Evolution des pratiques
Paulette Guinchard, ancienne ministre, décédée récemment, avait initié une réforme ambitieuse de la prise en charge des personnes âgées en faisant bien ressortir la prise en charge globale et en mettant l’accent sur le rôle et la formation des aidants. Elaboré dans un contexte économique et démographique moins contraint, ce dispositif se heurte aujourd’hui à une évolution démographique importante, à des aspirations – voire des exigences – des personnes âgées et de leurs familles, ainsi qu’à une évolution des techniques médicales qui modifient radicalement la donne et appelle à réfléchir sur les pratiques et leur sens.

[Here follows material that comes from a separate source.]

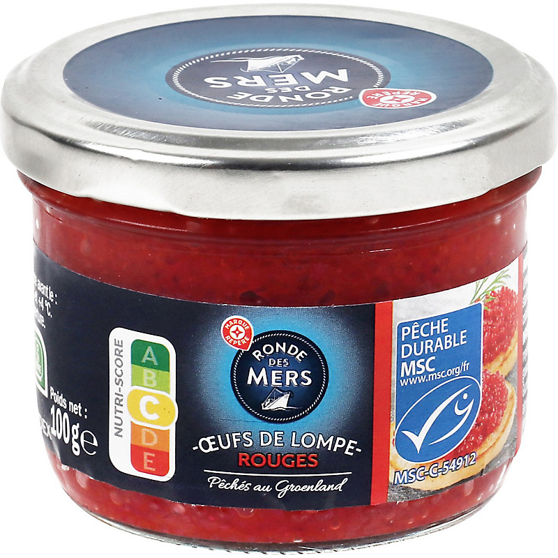 Ingrédients : Œufs de lompe salés 84 % (œufs de lompe (poisson) 80 % (Cyclopterus lumpus pêché en Atlantique Nord-Ouest) ; sel ; antioxydant : extrait de romarin) ; eau ; stabilisants : glycérol, gomme xanthane ; extrait de carthame ; colorants : E 120, extrait de paprika.

La crise des urgences n’est donc que la partie visible d’une évolution de la médecine qui mérite d’être repensée. Y remédier par de simples mesures quantitatives, c’est s’assurer de reporter la charge sur les générations futures. Le numerus clausus, instauré dans les années 1970 pour répondre à l’explosion des dépenses de santé, s’est révélé inadapté sans une réflexion profonde sur l’évolution des pratiques. Les décideurs d’aujourd’hui ainsi que les générations qui sortent de la vie active, habituées au toujours plus et qui, selon l’expression consacrée, « profitent de leurs petits-enfants »,auraient intérêt à s’en préoccuper et à s’assurer que cette charge soit supportable pour ces derniers.
Jean-Philippe Gallat est médecin inspecteur de santé publique, cardio-gériatre et ancien directeur des affaires sociales. Elu Génération Ecologie de 1989 à 1995, il a été adjoint au maire de Besançon et conseiller régional de Franche-Comté.